St. Augustine was already puzzling, in the fourth century, over whether the past was real or unreal. As he famously recounts, in his Confessions, no sooner had he reasoned that if the past exists, it must exist somewhere, than another thought stymied the first: “wherever the past is, if it is there as past, then it no longer is”. The most distinguished philosopher of recent times to assert the past’s unreality is Michael Dummett, for whom it is an application of a more general theory according to which truth is not about how the world objectively is, nor therefore transcends our knowledge, but is a function of present evidence, and so changes with changing evidence.

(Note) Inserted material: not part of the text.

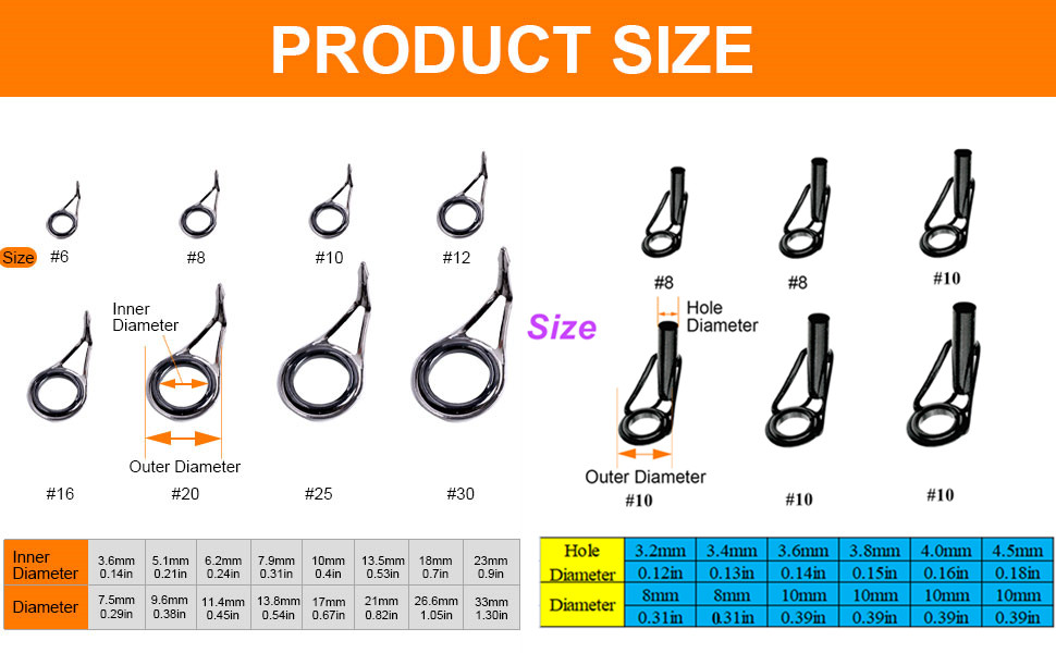 [Various Sizes Spinning Rod Guides] 75pcs in total. With a wide range of rods to repair, the best kit for anglers to repair their rod. Guide ring diameter: 6#*10pcs(3.6 mm/0.14in), 8#*10pcs(4.75 mm/0.2in), 10#*10pcs(6.16 mm/0.24in), 12#*10pcs(7.88 mm/0.31in), 16#*10pcs(10.14 mm/0.4in), 20# *10pcs(13.3 mm/0.52in), 25#*10pcs(17.8 mm/0.7in), 30#*5pcs (23 mm/0.9in).
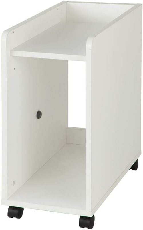 デスク周りのスペースを広く使いたい方におすすめのPCワゴンです。約幅51×奥行30×高さ58cmとスリムかつ省スペース設計なので、机の下などにもスッキリと設置できます。片側に幅広の背板が配置されており、背面へのパソコンの倒れ込みが防げるのもポイントです。

To realists, dismissing this as utterly preposterous, he replies: how then can we know anything about the past since we can never go back. His opponents point to the “truth value links” holding between differently tensed statements made at different times. If I am now giving a talk on truth in Oxford, I know now, without awaiting evidence at this later date, that it will be true in a year’s time that I was giving this talk a year ago. Nothing can surely change that! Dummett replies that this is merely to apply a rule for transforming a present tensed statement, made now, into a past tensed one, envisaged as being made in the future. What makes anyone suppose that thereby they have secured ingress into the past? What they are representing as the past isn’t the past at all, just the present – Sophie giving this talk now. We cannot assume that the transformation, sanctioned now by the truth value link, will hold in the future, when we actually reach it, or hence give us now access to a past, such as it will only be revealed then. This debate, I argue however, is finally inconclusive.